At the same time, we are identifying and implementing efforts to ensure that we can have enough high availability or uptime in production as possible, while leveraging the CQP to ensure that we can ramp up capacity and yield as quickly as possible in a pre-commercial facility as the CQP would represent, and therefore leveraging those learnings when we have this modularized rollout of our production lines in gigafactory one and two and beyond.
Thank you. Just to follow up on this CO2 footprint, we see in other base materials such as aluminum, steel, and iron, that green metal will gradually attract a premium. Any thoughts on how this could play out in the battery space?
Well, yes, we have lots of thoughts around this, right? We want to be the leader in this space by offering the absolute greenest batteries on a life cycle basis that is offered into the marketplace. Our initial ambition of an 80% reduction in CO2 footprint along the value chain has been articulated. The sort of value that that could represent relative to our production footprint is indicated in this presentation. If you think about the current ETS prices in Europe and assume that they are representative of a value attribution to that CO2 reduction, you can see a ±$6 per kWh savings, if you like, and/or value that is generating from the lower CO2 footprint.

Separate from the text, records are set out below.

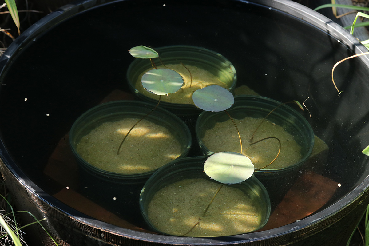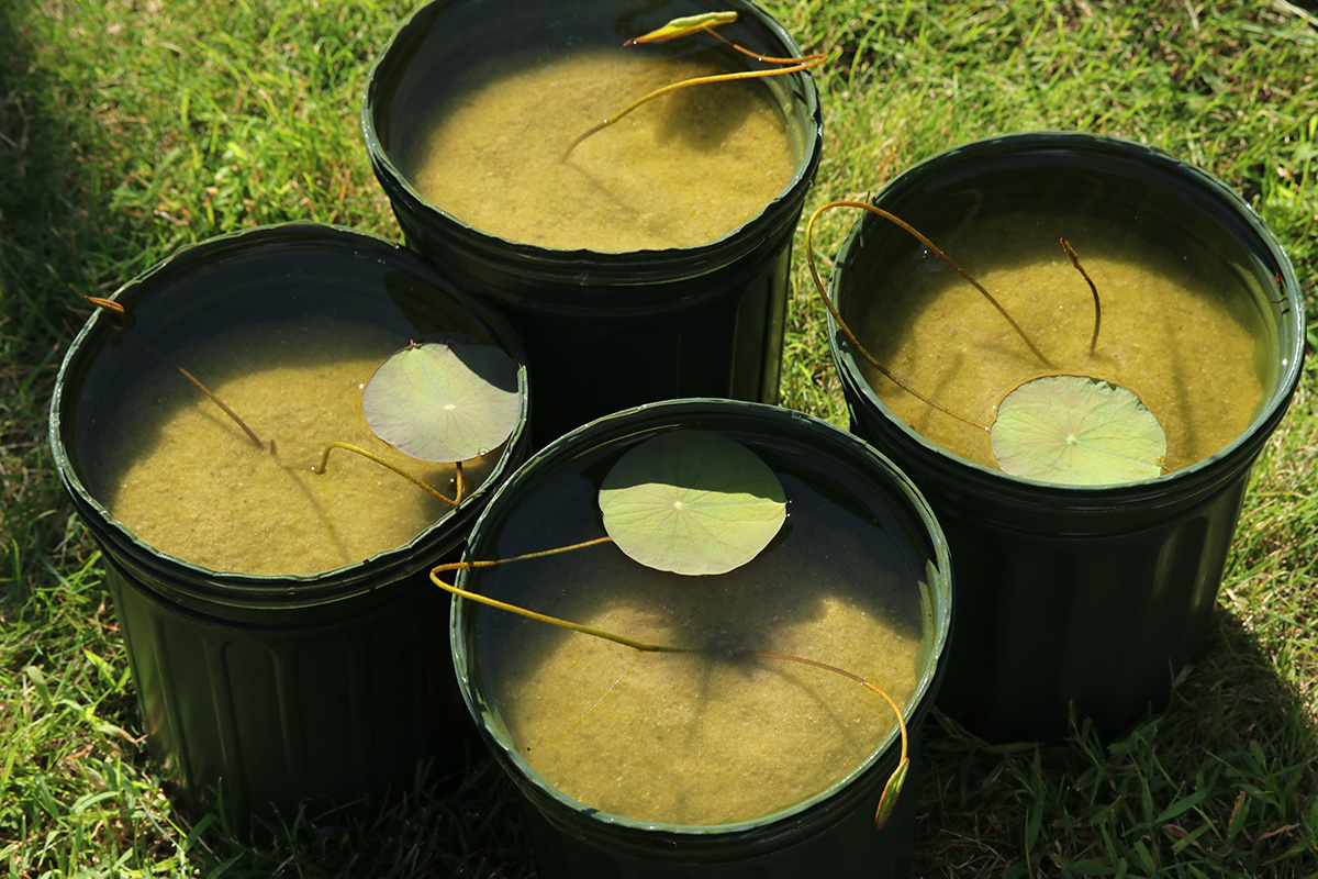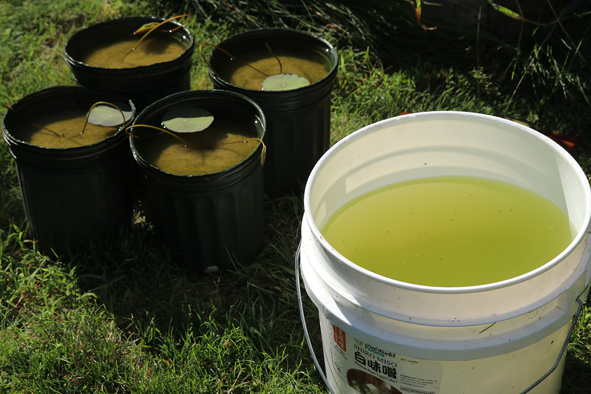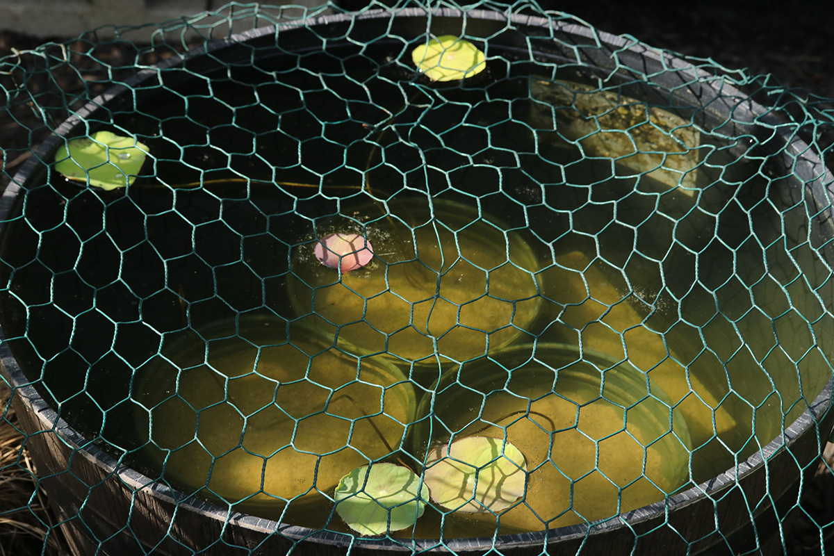 the shallow lotus barrel looked especially murky that i decided to do a water change. i was reluctant before because i thought the tap water temperature would be too low, but i took a measurement a few days ago and realized it was around 65°F, not too cold. after taking out the potted lotuses, i scooped out the water with a bucket. the water was yellowish green. it wasn't like algae was growing on the inside of the barrel, but rather the algae was suspended in the water itself. how that even happened i don't know. maybe there was some organic debris mixed in the clay that caused the algae bloom, beside i'd think the sand layer would be pretty sterile.
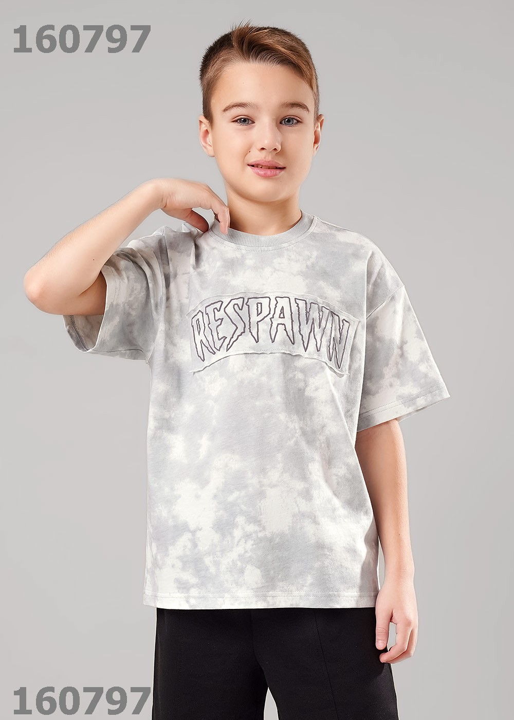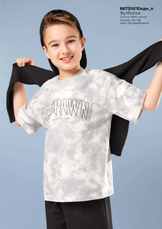 "Описание: Хлопковая оверсайз футболка с эффектом варки - основа любого гардероба. Эластичная горловина, комфортная посадка по фигуре, принт- аппликация спереди. Сочетай с брюками или шортами из новой коллекции и будь в тренде!
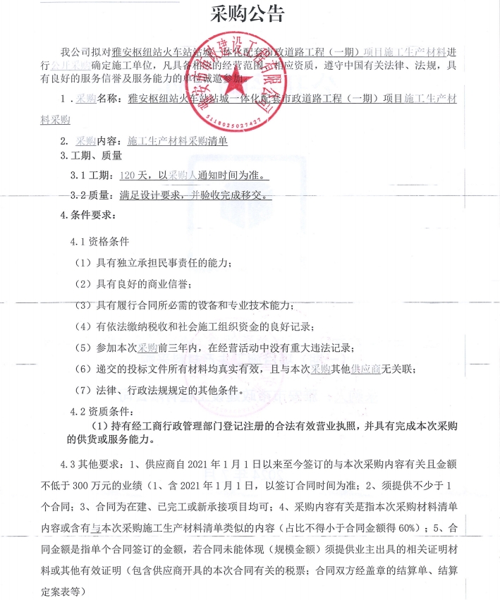 雅安樞紐站火車(chē)站站城一體化配套市政道路工程(一期)項(xiàng)目施工生產(chǎn)材料采購(gòu)公告
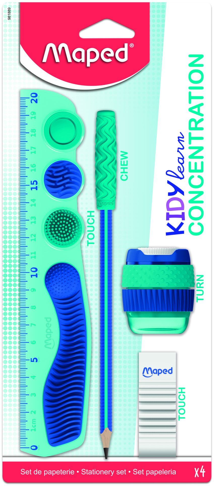 Maped Schrijfset Kidy Learn Concentration Lat-Potlood-Slijper-Gum - Blister
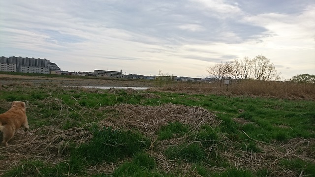 昨日、多摩川で犬と遊んだ帰り道、キジと遭遇しました。写真の左から右に、タッタッタッ、と走っていきました。とても綺麗な色で、体は緑か青色のような、顔は赤くて、絵本に出てくるような、、。この間は、川を渡った中洲で遭遇しました。中洲はヒトがあまり来ないので安全かと思うのですが、ここは通り道の横。どうして、こんな所にキジ、でした。写真は、私がキジに気が付いた後、犬も気が付いて、追いかけ始めた時のもの。この後の写真が無いのは、「やめな!」と犬を追いかけたからです。私の事だから、写真中央近くにキジがいるはず。お時間と根性があったら探してみて頂ければと思います。今日は疲れていて他力本願です。すみません。
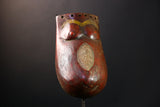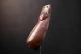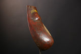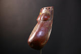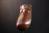 Introducing this stunning African Sculpture, an antique Makonde Pregnant Belly Fertility Mask, a true masterpiece of African art. Originating from the Makonde people of Tanzania and Mozambique, this exquisite mask is crafted from wood and features a striking bright red-orange patina that draws the eye and reflects the vibrancy of its cultural roots. The mask is adorned with scars on the abdomen that symbolize a woman who has given birth, emphasizing themes of fertility, motherhood, and the continuity of life. Traditionally, this bust is worn by masked dancers who imitate the movements and gestures of pregnant women, celebrating the beauty and significance of motherhood within the Makonde culture. This African mask not only serves as a captivating decorative piece but also carries deep cultural meanings that reflect the traditions and values of the Makonde people. Imagine showcasing this extraordinary sculpture in your home, where it will serve as a conversation starter and a stunning focal point in any room. Perfect for collectors of cultural artifacts or anyone seeking to enhance their decor with meaningful art, this antique fertility mask is an exceptional find. Don't miss the opportunity to own this remarkable African sculpture—order now to bring home a piece of heritage and artistry!
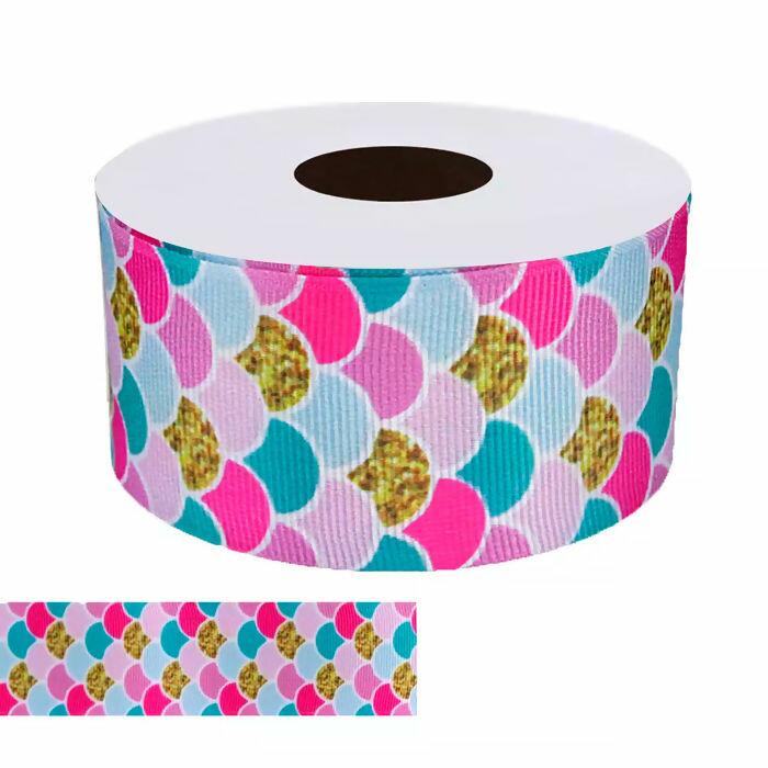 Fita estampada de gorgurão com 10 metros de fita de 38mm de largura, feita totalmente de poliéster, as fitas de gorgurão estampada são resistentes e ótimas para a criação de laços personalizados, alças, embalagem de presente e artesanato em geral possuindo uma variedade de estampas infinitas! Modelo Sereia GM.103
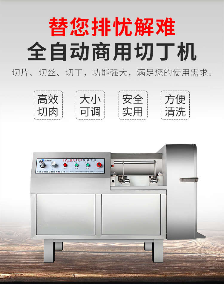 XZ-QD400切丁機,替您排憂解難全自動商用切丁機切片、切絲、切丁,功能強大,滿足您的使用需求。多功能&實用人即可操作,切出自己想要的規(guī)格,滿足商用多種需求。
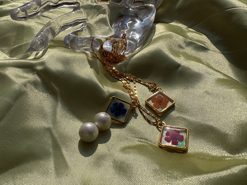 Adorn yourself with the exquisite Gold Leaf Dangle Earrings from Petalsnjewels. Handmade with meticulous care, these earrings feature stunning resin art encapsulating delicate gold leaf that dangles gracefully. Each earring boasts 2 white diamond shapes, artistically arranged one on top of the other, creating a breathtaking display of craftsmanship. Experience nature's beauty, uniquely designed for you, and elevate your elegance with these captivating pieces. Perfect for any occasion, these earrings are not just jewelry, but a statement of refined taste.

Now from our perspective, given what is out today from the IPCC, on the sort of impact of climate change, all of this will just create more momentum around firmer carbon prices, carbon tariffs, carbon walls, decarbonization efforts. Exactly how those CO2 footprint reductions will manifest itself along the value chain is still somewhat unclear. Of course, if we're thinking about half a billion dollars in value, at an 83 GWh capacity to be shared in some way between where you are participating in the value chain, the upside is obviously quite significant. This sort of underlines, you know, what we have been saying all along, that if batteries are meant to be the core catalyst for decarbonizing transportation and energy systems globally, they themselves need to be decarbonized.
We are now seeing an increasing financial and return sort of impetus around that as well. We will obviously be guiding and updating the market on where we're seeing that moving as we are progressing to the 80% reduction and beyond. Over time, we do believe that having more and more decarbonized battery cell manufacturing capacity and better and better battery solutions will enable the harder to abate parts of that value chain to also be decarbonized. With a localized and decarbonized raw material supply chain into the same, it is not impossible to envisage an earlier net zero ambition across that entire supply chain.
With our earlier estimates of around 80 kilograms of CO2 per kilowatt hour of battery produced, it's just basic math that sort of allows you to indicate what the value of that sort of becomes. We believe it's significant, and it has to be significant to ensure that we can speed up and accelerate a broader rollout of decarbonized battery cell solutions.
Thank you.
Thank you. As there are no further questions in the queue, I'll hand back to Tom for the closing comments.
Thank you, Mark, and thank you everybody for your interest. We're looking forward to catching up with you on the road or virtually this quarter. We will talk to you soon, and please don't hesitate to follow up if you have further questions today or later this week. Thanks and take care.